The Australian Federal Police has issued arrest warrants for the two most prominent Australians fighting for a banned terrorist group in Syria and Iraq, following the publication several days ago of gruesome photos of one of them brandishing severed heads.
There is deepening concern among intelligence agencies about the potential for the bloody Syrian and Iraqi civil wars to spill over onto Australia’s shores, with Attorney-General George Brandis saying the threat presented by returning Islamist fighters is the greatest threat to Australian security in years.
The ABC’s 7.30 program can reveal that the AFP has issued warrants seeking the immediate arrest of Khaled Sharrouf and Mohamed Elomar for terrorism offences if they return to Australia.
The two Sydney men travelled to Syria and then Iraq late last year and joined the most vicious of the Al Qaeda-linked groups fighting there, the Islamic State, formerly known as ISIS or ISIL.
WARNING: THIS STORY INCLUDES GRAPHIC CONTENT.
Elomar pictured with heads of Syrian government soldiers
The existence of the warrants was confirmed amid outrage after a Twitter account, purporting to belong to Sharrouf, published photos on Thursday and Friday of Elomar holding the severed heads of Syrian government soldiers.
In one photo Elomar holds up two severed heads. In another, he presents one head to the camera, with another three on the floor beside him.
The heads belong to soldiers who were killed late last week during fighting in the northern Syrian city of Raqqa, which has seen some of the bloodiest fighting of the war.

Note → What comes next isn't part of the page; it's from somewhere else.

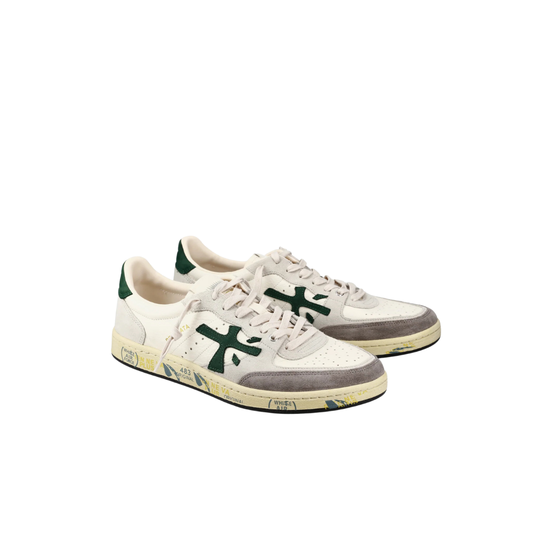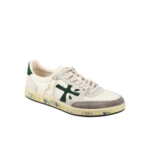 Le BSK CLAY di Premiata sono sneakers che fondono l’estetica retrò del mondo del tennis anni '80 con l’innovazione e la ricercatezza tipiche del brand. Realizzate in un mix di materiali premium come pelle, suede e tessuti tecnici, si distinguono per la loro silhouette sportiva ma sofisticata, adatta tanto alla vita urbana quanto a un look più ricercato. L’intersuola, decorata con le iconiche grafiche “483” e “White Air”, richiama la tradizione Premiata, mentre i dettagli cromatici a contrasto—come i lacci in pelle e gli inserti sul tallone—aggiungono un tocco distintivo. Le perforazioni sulla punta migliorano la traspirabilità, mentre la suola in gomma garantisce comfort e aderenza in ogni situazione. Ideali per chi cerca una sneaker dal design ricercato ma versatile, le BSK CLAY rappresentano l’incontro perfetto tra heritage sportivo e stile contemporaneo.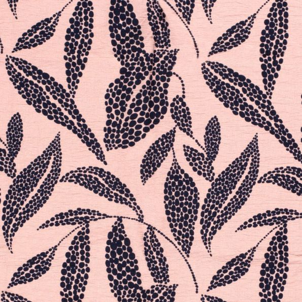 Tissu Viscose Ottoman Feuillage sur fond Rose - Par 10 cm

“The Australian government came out very strongly on Friday criticising the type of behaviour that those two gentlemen are allegedly involved in, [saying] that they should not set foot back in Australia,” AFP counter-terrorism head Neil Gaughan told 7.30.
“If they do, we can assure the Australian community that we have first instance warrants for their arrest.
“As soon as they set foot on Australian soil they will be taken into custody.”
Brandis raises concerns over possible attacks in Australia
In an interview with 7.30, Attorney-General George Brandis also made the first public reference to recent intelligence warnings that Australian citizens have been trained in Syria or Iraq to undertake terrorist attacks in Australia and elsewhere.
“There is evidence that they are trained in terrorist tradecraft to perform acts of domestic terrorism in the event that they return either to their home countries or go elsewhere after they have been in theatre,” Mr Brandis said.
“So that is a new and very alarming development.”
He confirmed that Australians were among those being trained.
“That’s why I’ve said several times now that this is the biggest threat to Australian domestic security in many years.”
Western intelligence agencies have become increasingly concerned about the potential for the Syria and Iraq conflicts to result in terrorist attacks back home.
In May, a returned fighter opened fire at a Jewish museum in Brussels, killing four people.
Last week the Norwegian government announced it had reliable intelligence suggesting an attack was imminent, prompting Australia to issue new travel advice for that country.
“The one thing no Australian should ever think is that this is a problem that exists on the other side of the world,” Mr Brandis said.
Analysis: The war against extremism must be waged online
“Because while it may take shape on the other side of the world, the number of Australians who are participating in this war fighting in Syria and Iraq shows that this is a problem that exists and germinates within our suburbs, within the suburbs of Sydney and Melbourne and Brisbane.”
The Federal Government is using the concerns about returning fighters to push through a suite of reforms to Australia’s federal counter-terrorism laws.
Mr Brandis told 7.30 he was considering lowering the evidentiary bar used by police investigating terrorism offences.
He said he was also considering modifying the language regarding an offence related to providing vocal support for terrorist acts.
Mr Gaughan said the AFP had struggled to pursue cases against Australian Islamists because of the lack of strong, verifiable evidence.
“We are [in the] dark in relation to what occurs there a lot of the time because there is no competent authority to deal with. We’re not getting the normal intelligence feeds,” he said.